The salaries these women talk about may be staggering to those of us dealing with a more everyday incomes, but they still reflect a deeper societal issue wherein women are paid less than men across various industries. So when an industry as visible as Hollywood makes bold attempts to adjust that balance, as seen with Big Little Lies, it can give hope to all of us that change is finally be happening.
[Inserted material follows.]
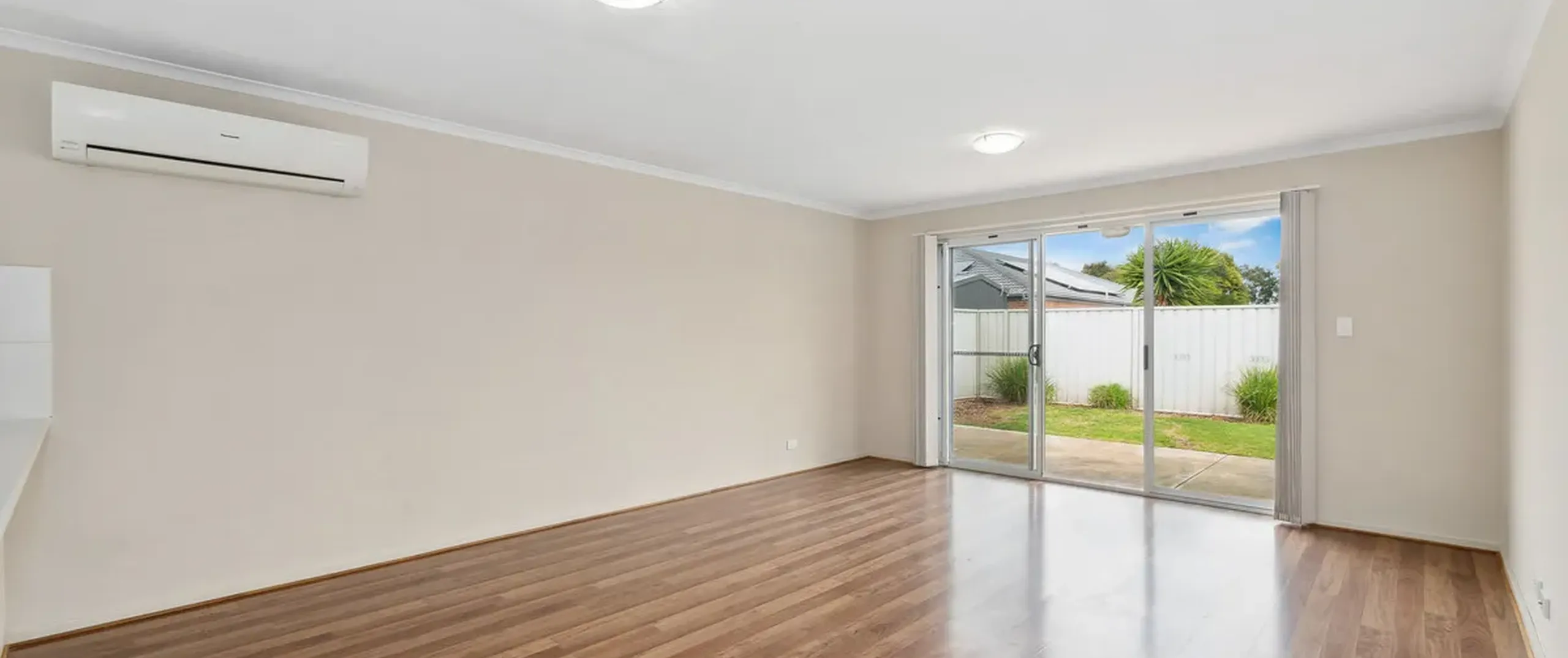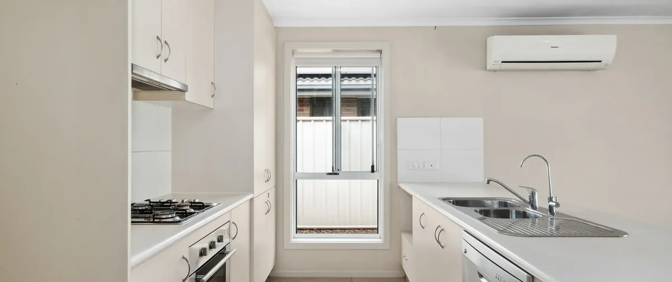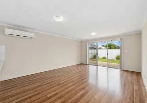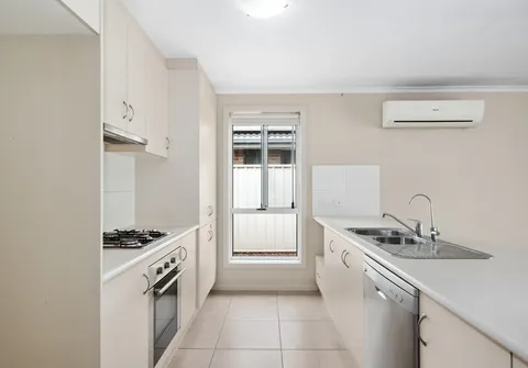 - Light-filled open plan living, dining and kitchen area with ceiling fan and split system air-conditioner

On Wednesday, Grey's Anatomy star, Ellen Pompeo gave a truly inspirational interview to The Hollywood Reporter, which also appeared to suggest so much. Discussing how she managed to negotiate a salary increase to earn $20 million a year for her role in the primetime drama, Pompeo revealed that Shonda Rhimes gave her some advice: "Decide what you think you're worth and then ask for what you think you're worth. Nobody's just going to give it to you." Pompeo also divulged that she basically entered negotiations doing nothing differently to how a man would:
"As a woman, what I know is you can't approach anything from a point of view of 'I don't deserve' or 'I'm not going to ask for because I don't want other people to get upset.' And I know for a fact that when men go into these negotiations, they go in hard and ask for the world."
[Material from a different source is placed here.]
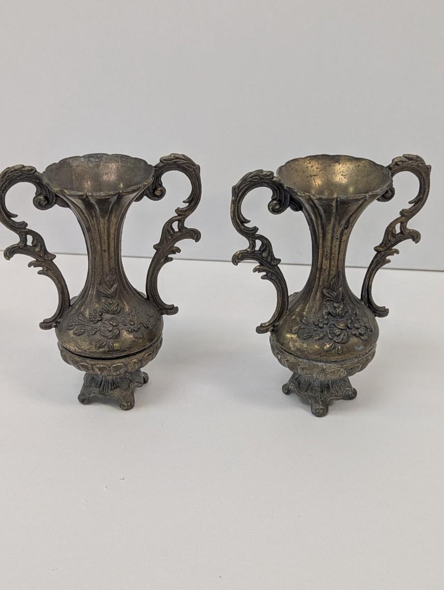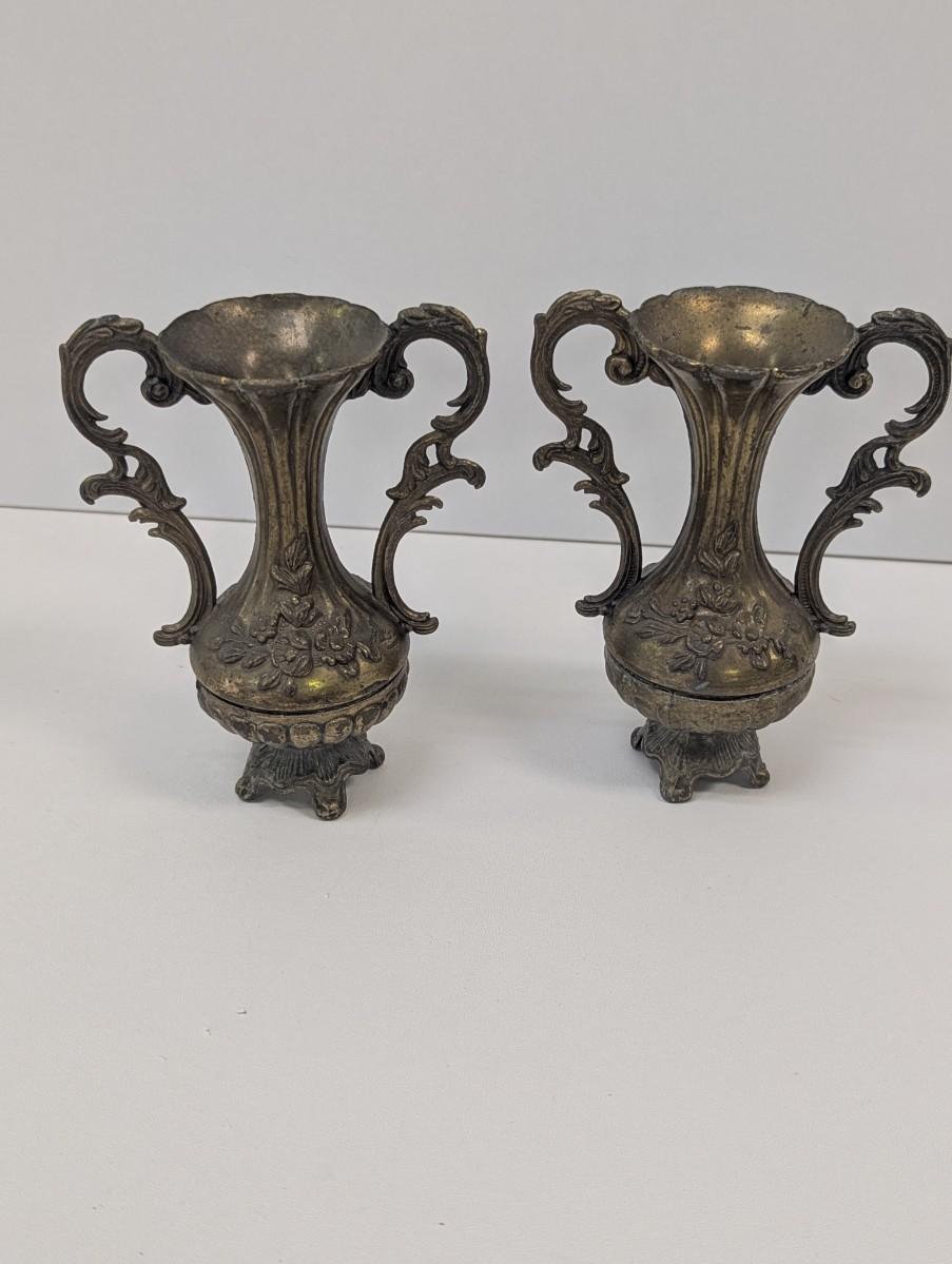 Approx 6" Tall Vintage Italian Brass Vases Made In Italy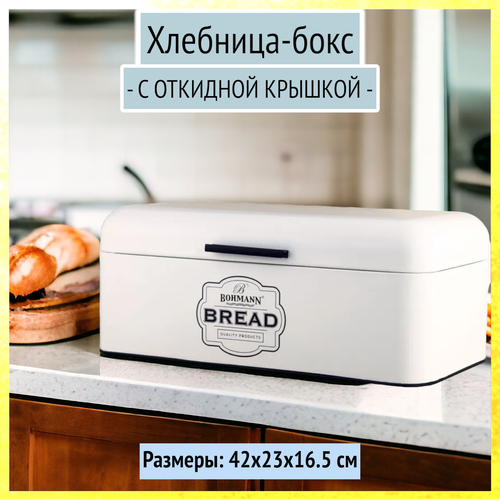 Хлебница металлическая с крышкой, 42х23х16.5 см, белая, Bohmann, BH-7261W

It's exhilarating to hear a woman encouraging another to demand her desired salary. But it's also empowering to witness Pompeo's outright confidence in following up on that advice and being a total boss about it. It hardly feels like a coincidence that we're seeing such salary changes, and the confidence in women to demand them, and support each other in doing so, during a moment defined by the Time's Up movement.
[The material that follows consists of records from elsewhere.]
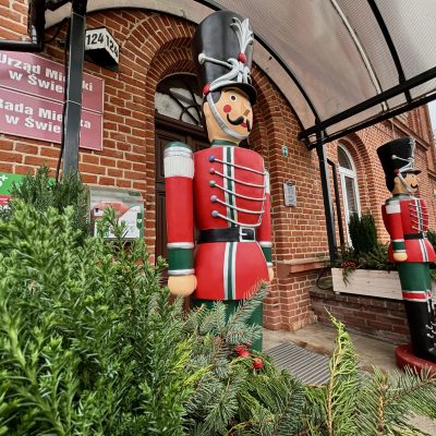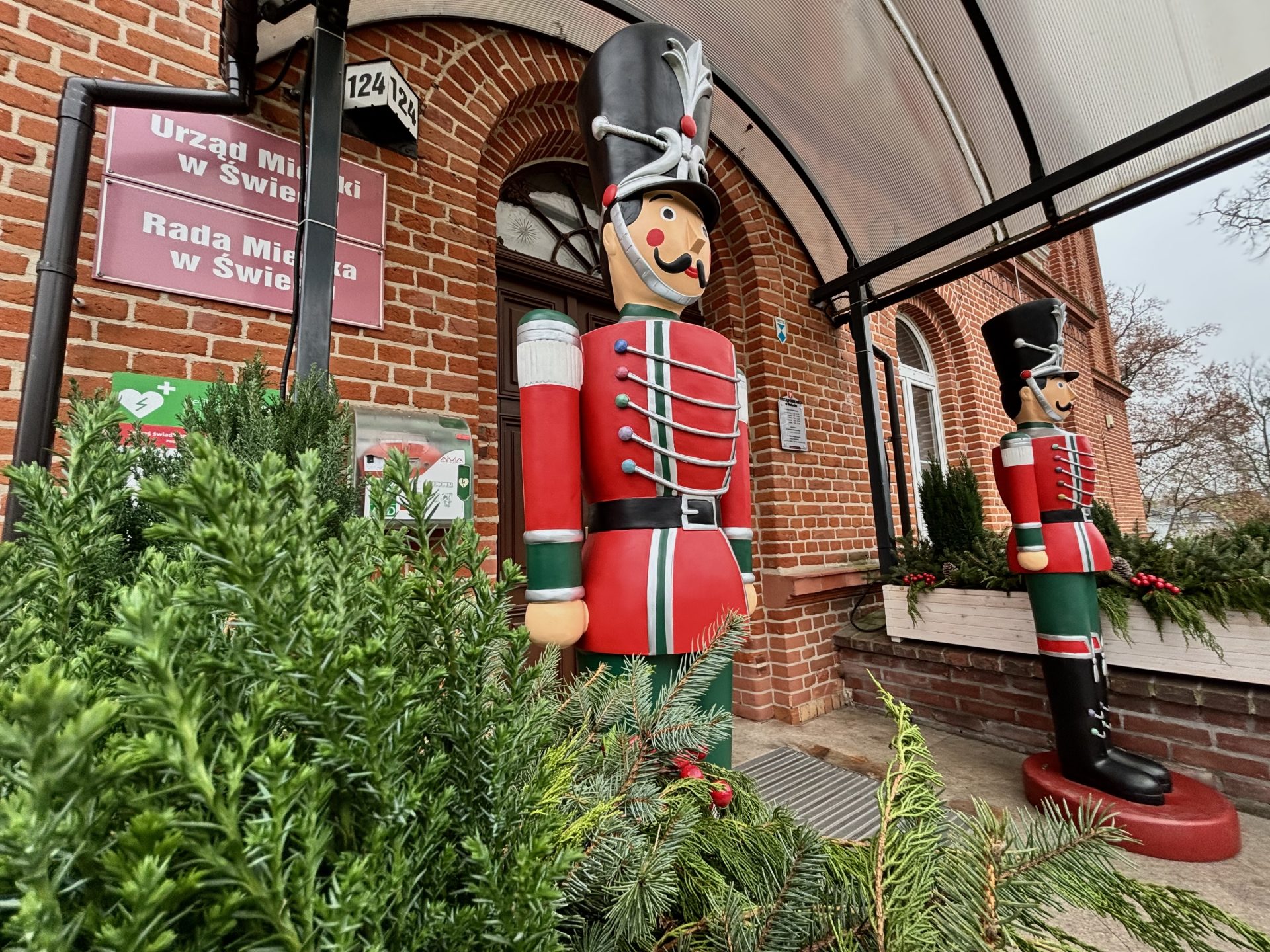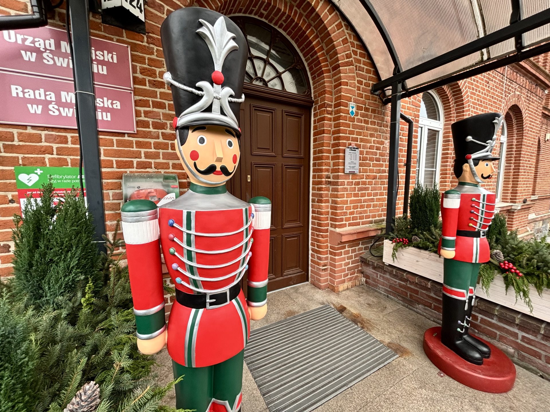 Dziś przed urzędem pojawili się świąteczni strażnicy nastroju — stroimy gminę dalej!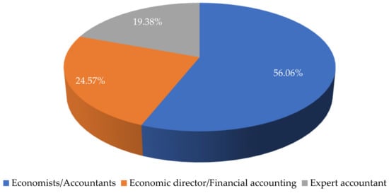 In terms of positions/functions, the distribution of the sample was 56.06% economists/accountants (162 people), 24.56% economic/financial accounting directors (71 people), and 19.38% accounting experts (56 people). The graphical representation is shown below in Figure 4.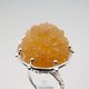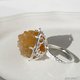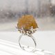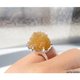 球体状に結晶化した水晶の原石を、唐草と透かし模様の台座にセットしたリング。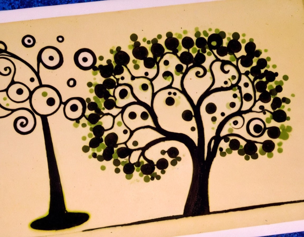 Vibrant Tree Artwork with Golden Background and Sun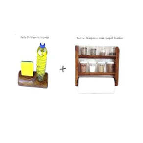 Kit com porta detergente com espaço para acomodar a esponja + porta temperos com suporte para papel toalha. Com design diferenciado e com uma proposta diferente estes itens é para ambientes fora do convencional e para pessoas com personalidade. Lavar louças e organizar a cozinha é uma tarefa sempre presente no nosso dia a dia e estes itens vem para auxiliar tanto na decoração como na praticidade e organização.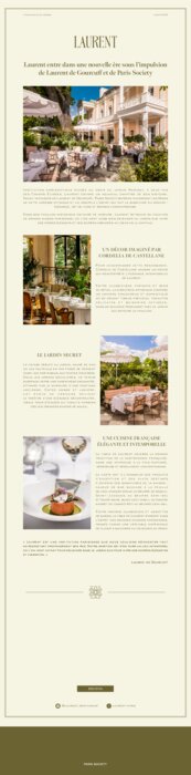 Pour accompagner cette renaissance, Cordelia de Castellane imagine un décor qui réinterprète l’élégance intemporelle de Laurent. Entre classicisme parisien et sens du détail, la directrice artistique compose un univers chaleureux et sophistiqué où se mêlent tissus précieux, tonalités délicates et boiseries patinées, dans un dialogue permanent avec le jardin qui entoure le pavillon.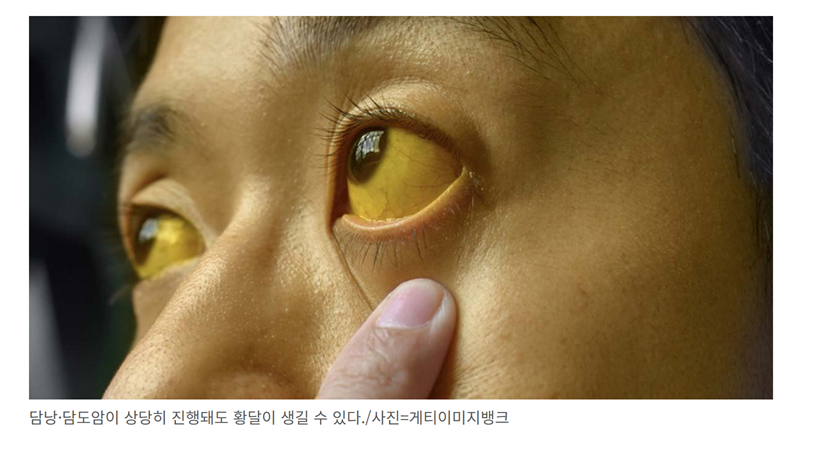 13. 피부가 노랗게 변하는 증상, 황달은 배출되어야 할 빌리루빈이 넘치고 넘쳐, 피부에 빌리루빈의 색이 나타난 것입니다.
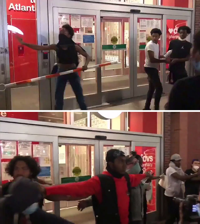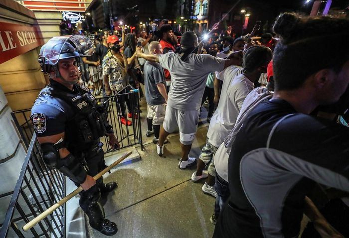 ตำรวจอาสาที่เป็นคนดำช่วยกันปกป้องไม่ให้ผู้ประท้วงทำลัายข้างของและปล้นร้านค้า
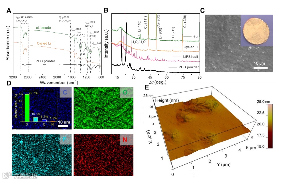 图2:揭示了设计的eLi负极的特征,包括FTIR图谱、XRD图谱、SEM图像、EDS映射和3D AFM图像,展示了CPI和SEI层的均匀涂覆和表面粗糙度。

Emily Nussbaum, TV critic for The New Yorker, shared her own thoughts on that idea in a Twitter thread regarding Pompeo's THR interview. Starting by enthusing that she was "blown away" by Pompeo's "refreshing bluntness about money & negotiations," Nussbaum went on to speculate the effect that the current movement may be having in encouraging women to support each other about salaries. She tweeted,
"The interview actually made me wonder if a big side effect of Time's Up might be solidarity among actresses on issues other than sexual violence, because it's a golden opportunity to exchange information."
It's hard to argue with that observation. Especially when you remember that Emma Watson once told Esquire, "We are not supposed to talk about money because people will think you're ‘difficult’ or a ‘diva,’" and that Kathy Griffin once expressed to Variety, "I think it’s part of the male industrial complex to keep women quiet about what their salaries are." The time has definitely been called on staying silent about salaries and not encouraging other women to speak up and demand what they're worth. That counts as much for physical safety and having our boundaries respected as it does for being paid as well as men.
The extraordinary salaries the Big Little Lies cast are reportedly being paid will hopefully help set a precedent for all women on the big and small screen to demand a fair and sizable income for themselves, too. And maybe the rest of America will soon follow suit, and finally embrace the reasonable demand that each and every woman be paid what she's worth.